▸ AVAILABLE DATA
============================================================

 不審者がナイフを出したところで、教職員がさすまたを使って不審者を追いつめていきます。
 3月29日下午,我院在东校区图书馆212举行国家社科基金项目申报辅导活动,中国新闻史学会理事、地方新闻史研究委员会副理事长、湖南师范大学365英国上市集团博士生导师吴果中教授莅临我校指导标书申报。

============================================================

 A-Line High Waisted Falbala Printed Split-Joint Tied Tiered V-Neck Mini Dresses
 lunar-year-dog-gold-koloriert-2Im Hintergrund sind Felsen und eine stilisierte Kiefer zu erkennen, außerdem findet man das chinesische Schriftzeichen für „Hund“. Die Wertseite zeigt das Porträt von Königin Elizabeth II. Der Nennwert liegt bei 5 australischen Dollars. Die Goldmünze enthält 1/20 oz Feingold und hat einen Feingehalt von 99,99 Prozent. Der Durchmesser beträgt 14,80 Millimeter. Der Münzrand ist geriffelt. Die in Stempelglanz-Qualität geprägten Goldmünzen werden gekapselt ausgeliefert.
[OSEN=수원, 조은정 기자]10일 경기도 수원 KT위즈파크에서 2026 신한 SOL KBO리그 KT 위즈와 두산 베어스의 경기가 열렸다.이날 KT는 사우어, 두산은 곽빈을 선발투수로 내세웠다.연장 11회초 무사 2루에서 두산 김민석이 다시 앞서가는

============================================================

▸ WHAT TO WORK ON
Taking the entries above, write out exactly the lines starting with the line containing "lunar-year-dog-gold-koloriert-2Im Hintergrund sind" and going on through the line containing "[OSEN=수원, 조은정 기자]10일", both included, and nothing else.

▸ ANSWER BOX
 lunar-year-dog-gold-koloriert-2Im Hintergrund sind Felsen und eine stilisierte Kiefer zu erkennen, außerdem findet man das chinesische Schriftzeichen für „Hund“. Die Wertseite zeigt das Porträt von Königin Elizabeth II. Der Nennwert liegt bei 5 australischen Dollars. Die Goldmünze enthält 1/20 oz Feingold und hat einen Feingehalt von 99,99 Prozent. Der Durchmesser beträgt 14,80 Millimeter. Der Münzrand ist geriffelt. Die in Stempelglanz-Qualität geprägten Goldmünzen werden gekapselt ausgeliefert.
[OSEN=수원, 조은정 기자]10일 경기도 수원 KT위즈파크에서 2026 신한 SOL KBO리그 KT 위즈와 두산 베어스의 경기가 열렸다.이날 KT는 사우어, 두산은 곽빈을 선발투수로 내세웠다.연장 11회초 무사 2루에서 두산 김민석이 다시 앞서가는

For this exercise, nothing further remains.